··· Stored data

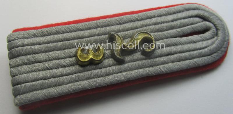 Single, WH (Heeres) neatly 'cyphered', officers'-type shoulderboard as was piped in the bright-red branchcolour as was intended for a: 'Leutnant des Artillerie-Lehr-Abts. 3'
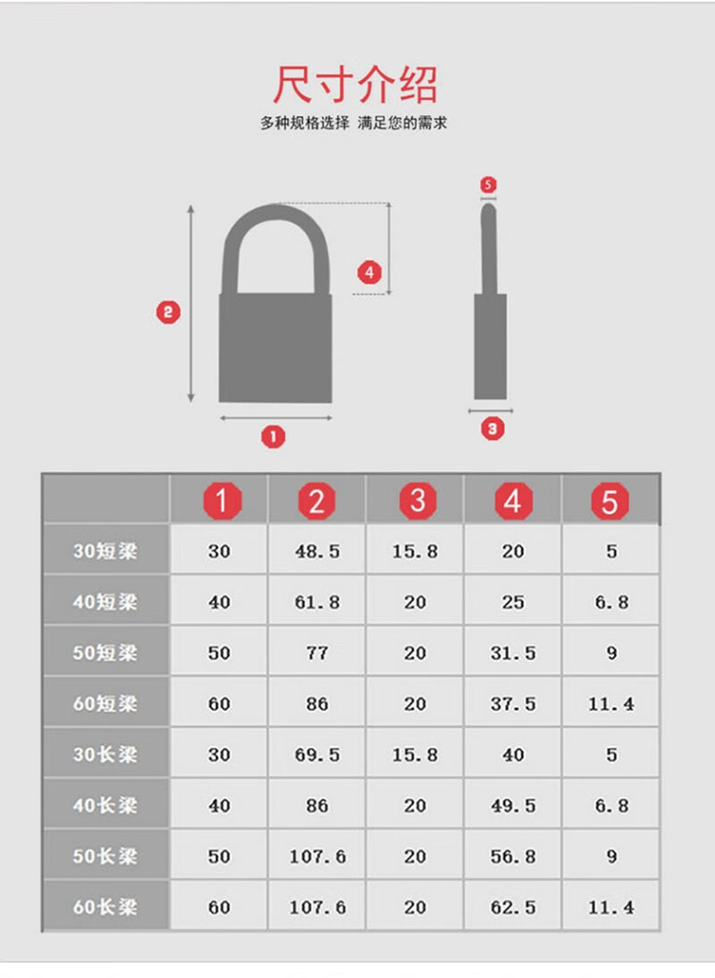 商品名称:晟泰邦 30*50mm 短梁挂锁 通开锁 配20条钥匙 计价单位:把
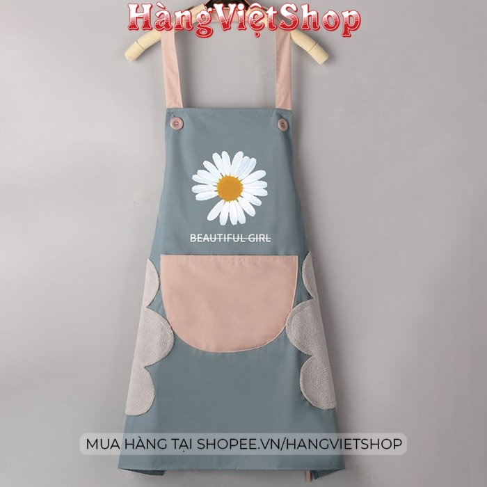 - Tạp dề màu sắc nhã nhặn, trang trí hoa cúc dễ thương và thiết kế tiện dụng khiến cho việc bếp núc trở nên thú vị hơn
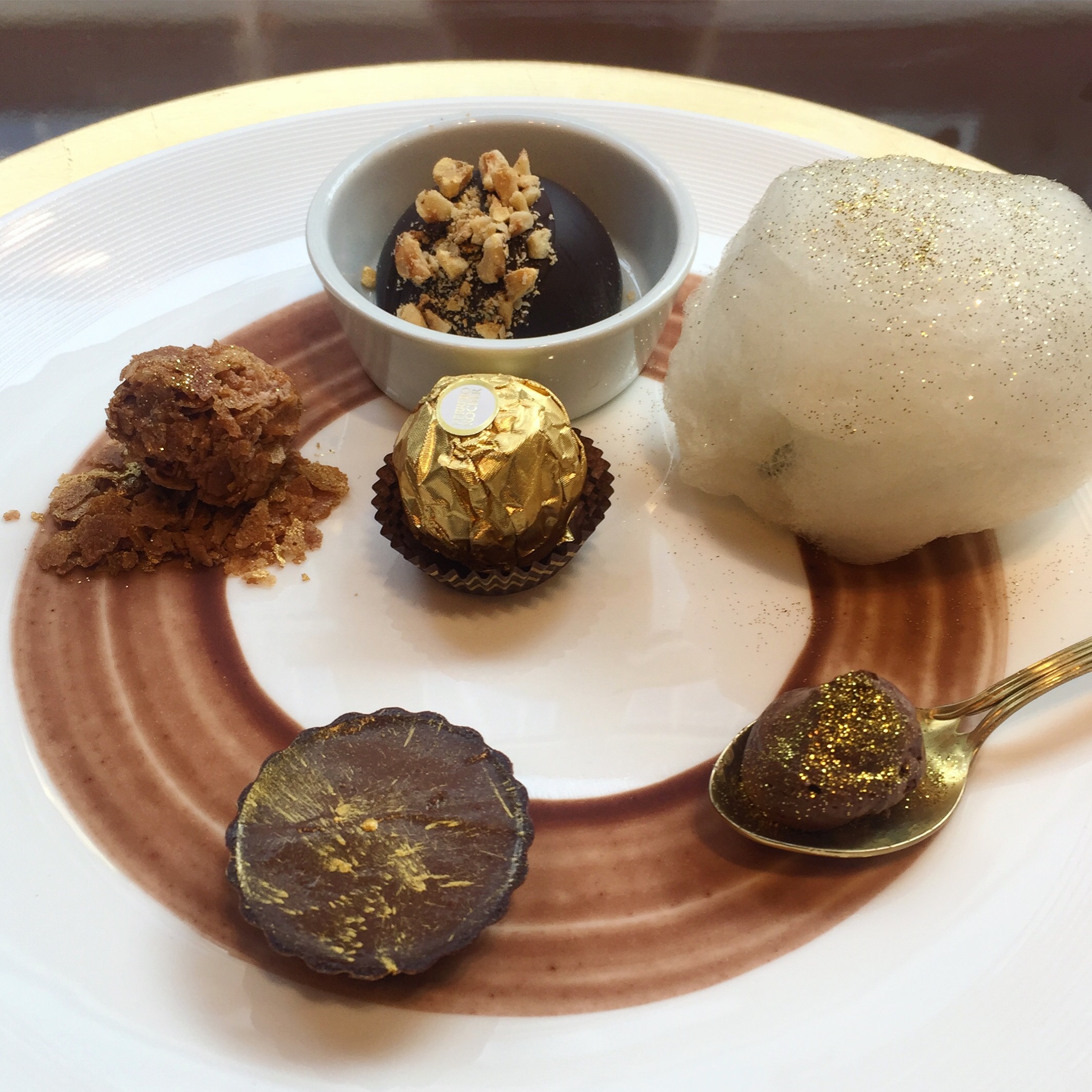 The idea of Dolce by Ferrero Rocher is a celebration of the different textures and layers in a classic Ferrero Rocher chocolate and so they have created five mini desserts each inspired by a different layer. We were served a tall, gold-rimmed glass of Prosecco as the staff explained the idea and our platters were being prepared.
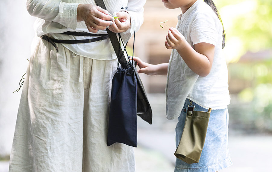 マイひしゃくを⻑く愛用していただくために、生地にもこだわった手軽で丈夫な巾着袋と持ち運びに便利なナスカン付きポーチの2種類をご用意致しました。
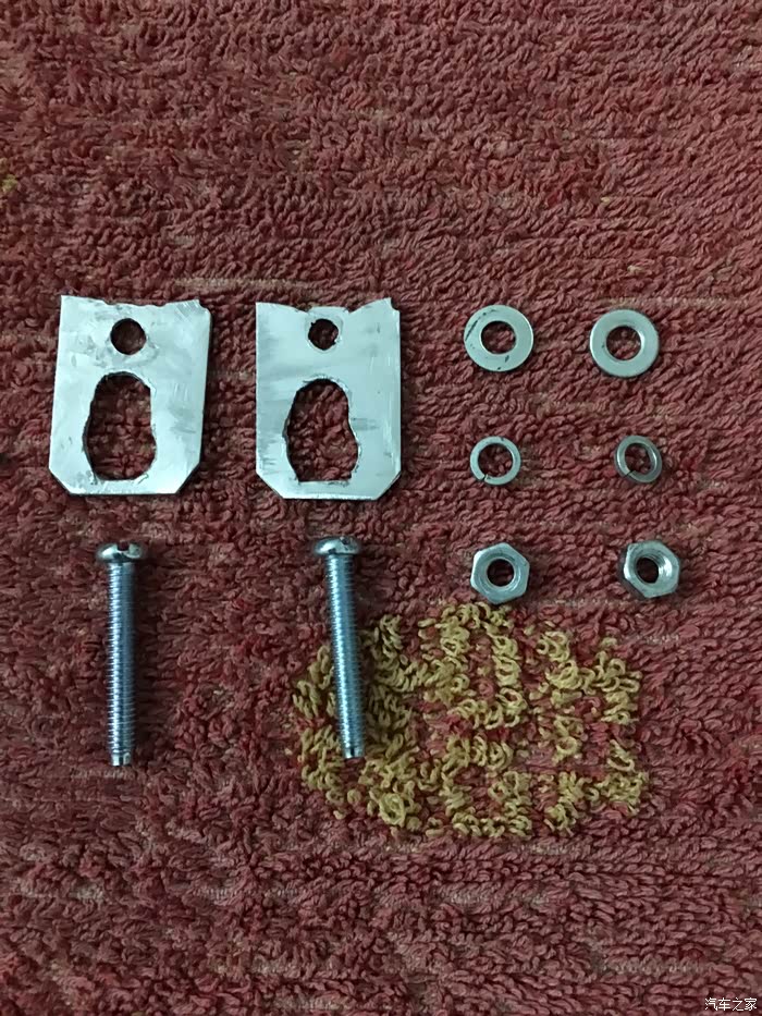 自己制作的喇叭螺丝延长铝片,开始用塑料制作,实在不好操作。后来发觉铝片才是最适合的,第一是轻,第二是不用担心生锈,第三是硬度足够
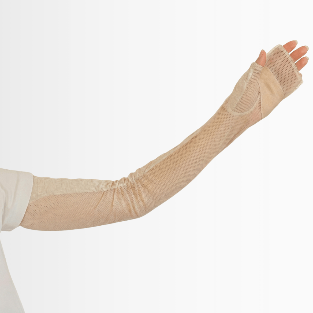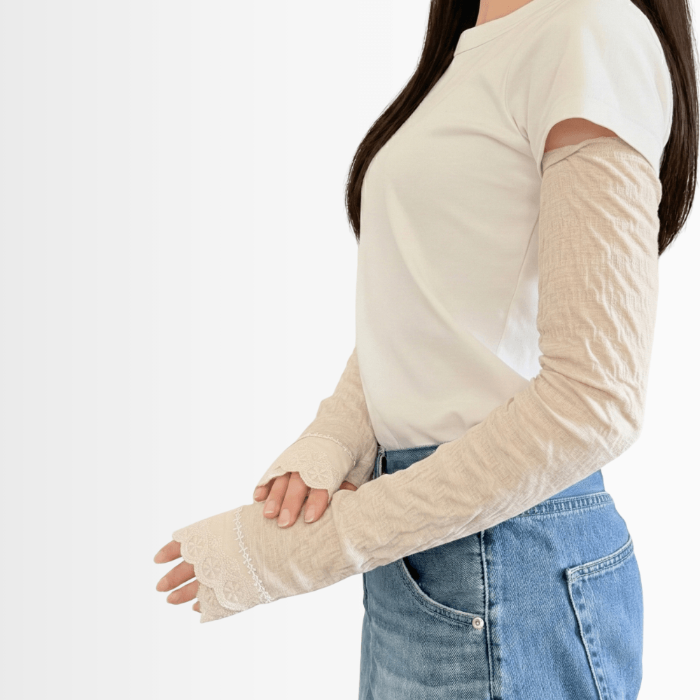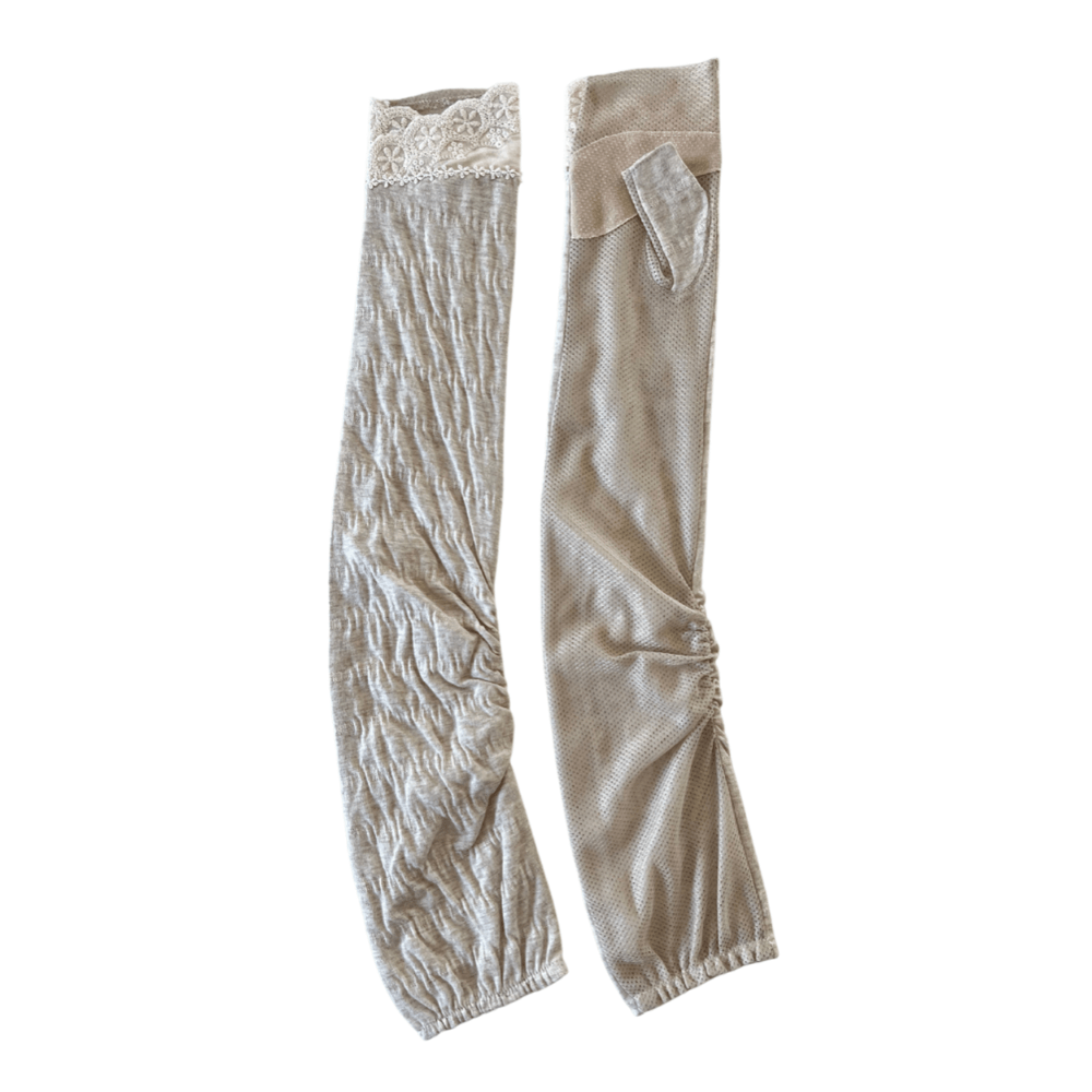 肘の内側部分に繊細な絞り加工を施すことで、装着時に腕のラインを美しく見せるエレガントなシルエットを追求。単なる日除けとしてだけでなく、お洋服の一部として手元を華やかに演出するこだわりの一品です。
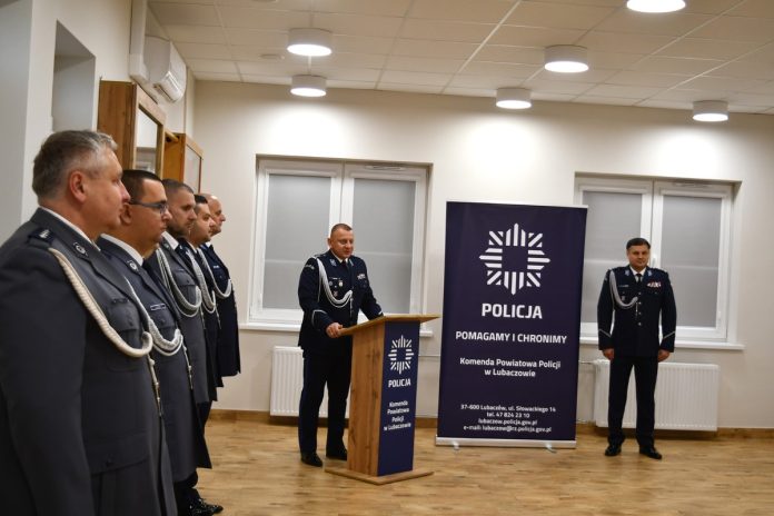 Awansowani funkcjonariusze, którzy zdobyli pierwszy stopień aspirancki – młodszego aspiranta, otrzymali akty mianowania z rąk Komendanta Powiatowego Policji w Lubaczowie, mł. insp. Artura Wasiuty. W ceremonii wzięli udział także I Zastępca Komendanta Powiatowego Policji mł. insp. Krzysztof Farion oraz kadra kierownicza jednostki.
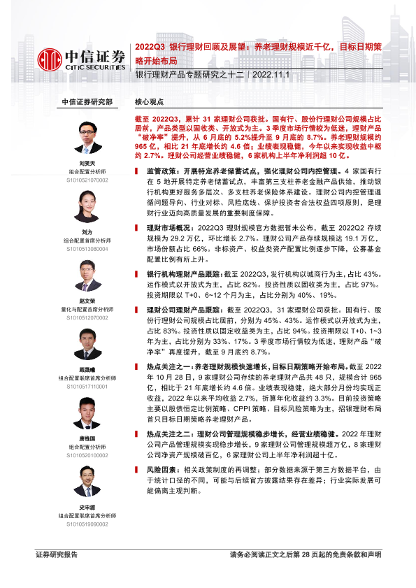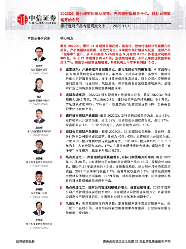 【中信证券】【20221101】银行业理财产品专题研究之十二:2022Q3银行理财回顾及展望,养老理财规模近千亿,目标日期策略开始布局-29页

······

> [Exercise]:
Output the data exactly as it appears. The pictures do not belong in it.

> [Exercise result]:
 Single, WH (Heeres) neatly 'cyphered', officers'-type shoulderboard as was piped in the bright-red branchcolour as was intended for a: 'Leutnant des Artillerie-Lehr-Abts. 3'
 商品名称:晟泰邦 30*50mm 短梁挂锁 通开锁 配20条钥匙 计价单位:把
 - Tạp dề màu sắc nhã nhặn, trang trí hoa cúc dễ thương và thiết kế tiện dụng khiến cho việc bếp núc trở nên thú vị hơn
 The idea of Dolce by Ferrero Rocher is a celebration of the different textures and layers in a classic Ferrero Rocher chocolate and so they have created five mini desserts each inspired by a different layer. We were served a tall, gold-rimmed glass of Prosecco as the staff explained the idea and our platters were being prepared.
 マイひしゃくを⻑く愛用していただくために、生地にもこだわった手軽で丈夫な巾着袋と持ち運びに便利なナスカン付きポーチの2種類をご用意致しました。
 自己制作的喇叭螺丝延长铝片,开始用塑料制作,实在不好操作。后来发觉铝片才是最适合的,第一是轻,第二是不用担心生锈,第三是硬度足够
 肘の内側部分に繊細な絞り加工を施すことで、装着時に腕のラインを美しく見せるエレガントなシルエットを追求。単なる日除けとしてだけでなく、お洋服の一部として手元を華やかに演出するこだわりの一品です。
 Awansowani funkcjonariusze, którzy zdobyli pierwszy stopień aspirancki – młodszego aspiranta, otrzymali akty mianowania z rąk Komendanta Powiatowego Policji w Lubaczowie, mł. insp. Artura Wasiuty. W ceremonii wzięli udział także I Zastępca Komendanta Powiatowego Policji mł. insp. Krzysztof Farion oraz kadra kierownicza jednostki.
 【中信证券】【20221101】银行业理财产品专题研究之十二:2022Q3银行理财回顾及展望,养老理财规模近千亿,目标日期策略开始布局-29页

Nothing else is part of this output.